Jun 18 23:17:33 piles kernel: rpc-srv/tcp: nfsd: got error -32 when sending 56 bytes - shutting down socket
Jun 18 23:17:33 piles kernel: nfsd: last server has exited, flushing export cache
All NFS & related ps's are then dead at that point. Doing the service starts again, they come back up ok and the client magically recovers where it left off about 2-5 mins later. I had ^C'd the rm so it wouldn't screw up again.
NFS should be as reliable as a local FS for simple file operations under normal load. Hangs / ps deaths should not occur.
My NFS export is a 5TB ext3 FS which is 90% full and so a 200GB delete will always take a bit of time, local or over NFS (yes, next time I will use XFS, but for now I'm stuck with ext3). Something may be timing out but these situations need to be handled gracefully and not crash the server nfsd.
The delete I was attempting was of a few 10-30 GB dirs of smaller files along with a couple of 10-250GB files. It appears to have hung between deleting a 250GB file and a 12GB one. The 250GB file appears to have been deleted successfully.
I have selinux = permissive on the server and disabled on the client. I am soon disabling it on the server too. No sense adding an extra variable to the equation.
This isn't my first issue with NFS issues. See bug 486264 which is a more client-oriented hang (this one appears more server oriented).
This message is a reminder that Fedora 12 is nearing its end of life.
Approximately 30 (thirty) days from now Fedora will stop maintaining
and issuing updates for Fedora 12. It is Fedora's policy to close all
bug reports from releases that are no longer maintained.
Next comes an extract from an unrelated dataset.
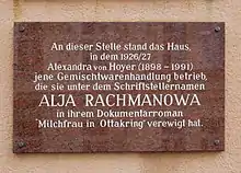 - ↑ Heinrich Riggenbach (2010). "Der Nachlass von Alja Rachmanowa (Galina von Hoyer) in der Kantonsbibliothek Thurgau" (PDF). Kantonsbibliothek Thurgau. p. 5. Retrieved 2022-09-13.
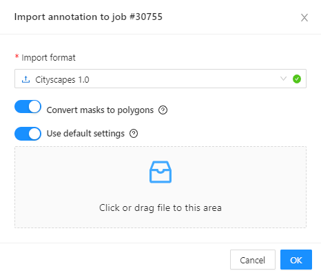 Import follows the general import dataset procedure, with the additional option of converting masks to polygons.

At that time
this bug will be closed as WONTFIX if it remains open with a Fedora
'version' of '12'.
Package Maintainer: If you wish for this bug to remain open because you
plan to fix it in a currently maintained version, simply change the 'version'
to a later Fedora version prior to Fedora 12's end of life.
Bug Reporter: Thank you for reporting this issue and we are sorry that
we may not be able to fix it before Fedora 12 is end of life. If you
would still like to see this bug fixed and are able to reproduce it
against a later version of Fedora please change the 'version' of this
bug to the applicable version. If you are unable to change the version,
please add a comment here and someone will do it for you.
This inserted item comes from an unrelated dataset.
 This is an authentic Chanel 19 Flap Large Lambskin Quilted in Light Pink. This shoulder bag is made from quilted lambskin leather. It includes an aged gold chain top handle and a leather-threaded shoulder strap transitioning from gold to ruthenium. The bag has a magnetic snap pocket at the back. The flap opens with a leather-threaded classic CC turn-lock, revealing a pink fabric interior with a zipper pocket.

Although we aim to fix as many bugs as possible during every release's
lifetime, sometimes those efforts are overtaken by events. Often a
more recent Fedora release includes newer upstream software that fixes
bugs or makes them obsolete.
The process we are following is described here:
Fedora 12 changed to end-of-life (EOL) status on 2010-12-02. Fedora 12 is
no longer maintained, which means that it will not receive any further
security or bug fix updates. As a result we are closing this bug.
If you can reproduce this bug against a currently maintained version of
Fedora please feel free to reopen this bug against that version.
Thank you for reporting this bug and we are sorry it could not be fixed.